K4BL IS HERE!!!!!!

K4BL IS HERE!!!!!!

Our public beta is LIVE!!!!

Keywords for Black Louisiana Launch Party!!

August 9, 2024 @ WYES Studios

Doors open at 5pm!

About Keywords for Black Louisiana

  • Keywords for Black Louisiana (K4BL) is a collective of researchers creating digital projects highlighting the Black life and culture of the Gulf Coast. With the support of funding from the National Historic Publications and Records Commission, K4BL is building a community-engaged digital edition of annotated, transcribed and translated manuscript documents from 18th century (French and Spanish) Louisiana. The stories in these documents describe the lives and resistance of enslaved and free people of African descent against bondage, colonialism, and the everyday terror of slavery. Access to the stories of Black life in these documents has been limited to those trained in paleography or with French and/or Spanish translation skills. Providing access to the stories in these documents through English language translations and digital access does more than offer researchers, teachers, public historians, and artists opportunities to learn from the centuries-long Black freedom struggle Gulf Coast communities have been engaged in. It also creates a tremendous resource for African descended communities in Louisiana whose ancestors fueled some of the most important moments in American history.

    K4BL centers African descended Gulf Coast communities and accountability to Black humanity at every level of the project, from the annual Black History Summer Workshop for Black public historians in Louisiana, to our collaborations with team members at Louisiana historically black colleges and universities, to our intergenerational and decentralized leadership structure, to our commitment to Black Digital Humanities (DH) principles.

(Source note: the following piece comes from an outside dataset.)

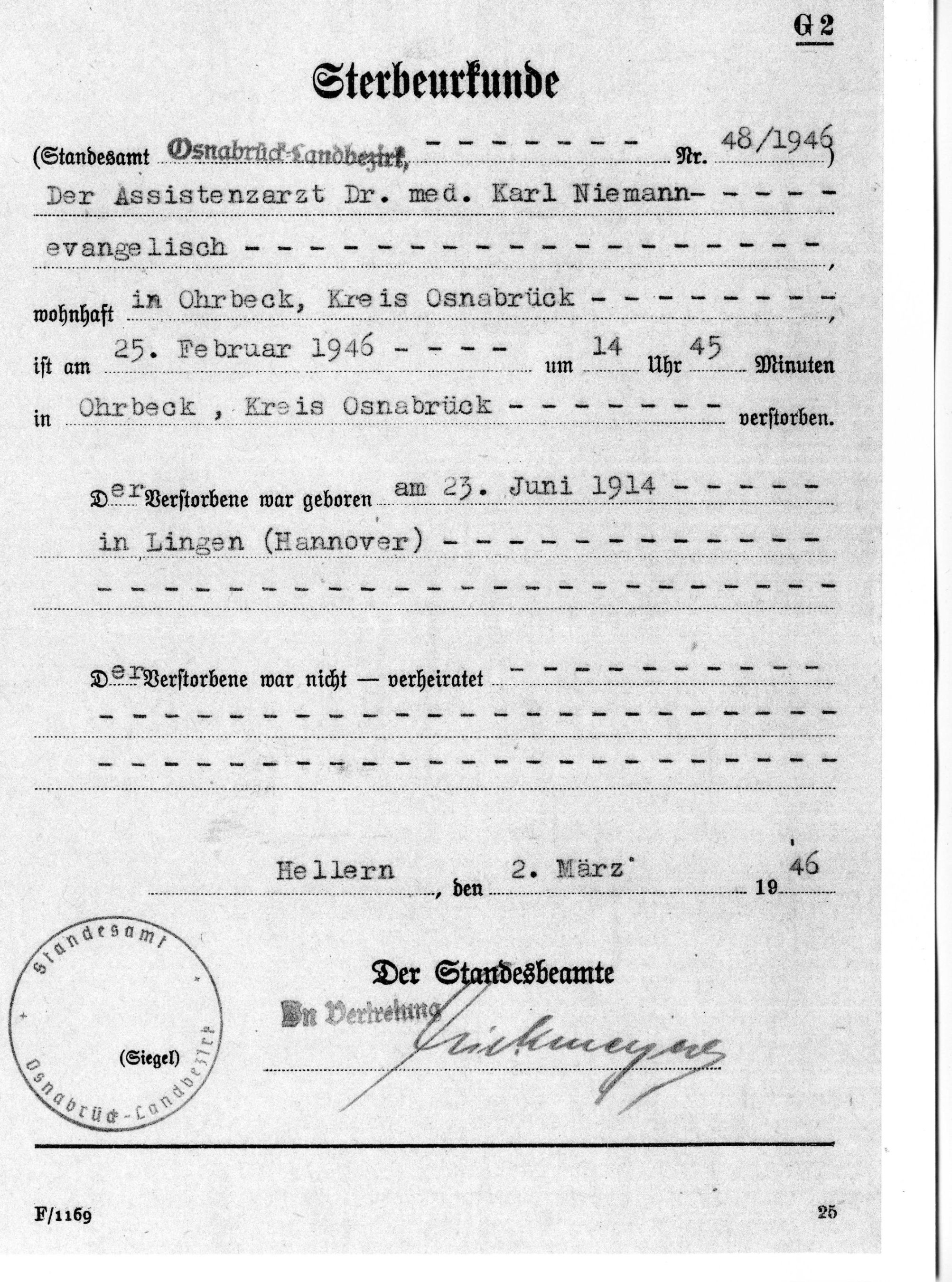 | Tod eines Sohns | Karl Heinrich August NIEMANN 25. Februar 1946 (Alter 57 Jahre) |

    We hope K4BL can provide a model for community-engaged digital recovery and preservation that will be remixed and reused by digital historians, computational humanists, data scientists, and digital humanities practitioners broadly who are looking for ethical and humane ways to center the needs of Black communities and institutions on the ground in the work of creating and curating digital materials.

  • Beginning in 2020 as part of LifexCode: Digital Humanities Against Enclosure (lifexcode.org), and most recently through funding from a National Historic Publications and Records Commission grant, we have embarked on research in Gulf Coast Louisiana’s archive, seeking to expand our historical practice and learn from what eighteenth-century Gulf Coast Louisiana has to teach us.

    In 2022, K4BL was awarded a NHPRC-Mellon Planning Grant for Collaborative Digital Editions. One of the goals of the planning period was to more accurately assess the pace of work and the capacity of the team as constituted to identify documents, create metadata, as well as initiate and complete transcriptions and translations. During the planning grant period K4BL, created over three hundred abstracts on Black life in the Gulf Coast, created over one hundred unique keywords, and begun drafting over seventy-five transcriptions/translations of French and Spanish documents into English. We built a team of undergraduates, graduates, faculty, librarians, and technicians from across institutions, including key collaborative relationships with Louisiana historically black colleges and universities undergraduates and faculty who have joined the project. Through quarterly workshops, we drafted editorial review practices and policies for the project. We established and refined research and review workflows, innovating workflows that moved at the pace of our intergenerational and cross-hierarchal team which, during COVID, often required us to slow down and evaluate how we do the work as much as what we are creating.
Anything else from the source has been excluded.